Optimizing ELKI Performance
The generic and modular nature of ELKI comes at a certain cost. While Java does a pretty good job at optimizing at runtime, there are some points where we do incurr costs. Here are some points to consider:
Boxing and Unboxing
A known problem with Java for statistical computing is the cost of unboxing and boxing. While most people associate this with converting native types such as int
to their object representation Integer
, we do have new types of boxing/unboxing in ELKI. For example for a FeatureVector, the getValue method will often have to do boxing. A DoubleVector internally uses a native double[]

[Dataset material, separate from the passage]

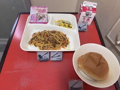 【ミニコッペパン、牛乳、ミートソーススパゲッティ、レタスとコーンのサラダ、いもけんぴフィッシュ】

array to store the data, the getValue()
method has to return an object - so whenever this method is called, a new Double
may be produced (only in some cases the Hotspot VM seems to be able to optimize this away).
How to optimize:
When developing algorithms on numerical vector fields, it is advisable to use the NumberVector.doubleValue method instead, which passes native data on the stack.
Large quantity objects
This essentially affects any small object occurring in large quantities. While in C you often only store the raw data, Java needs to store a full Java object, including type information and locking capabilities. This cost in Java commonly occurs when using maps with numerical types, such as Map<Integer, Double>
or Set<Integer>
. In ELKI, this occurs a lot when mapping database objects to associated values. You should avoid using Map<DBID, ?>
since this usually means producing trivial DBID objects.
How to optimize:
The class DBIDUtil allows you to generate arrays, hash sets, tree sets, pairs and similar types for DBIDs. The DBIDFactory becomes the central place to optimize DBID related data structures. While we currently do not yet have an optimized implementation for all of these, this will be added in future versions.
In order to replace a Map<DBID, ?>
construct, use the DataStoreUtil API. The data store manager then is the central place for optimization. It will in the future be extended with on-disk storage fuctionality to allow processing of larger data sets as well as low-level optimizations for more efficiently storing data by their associated DBID.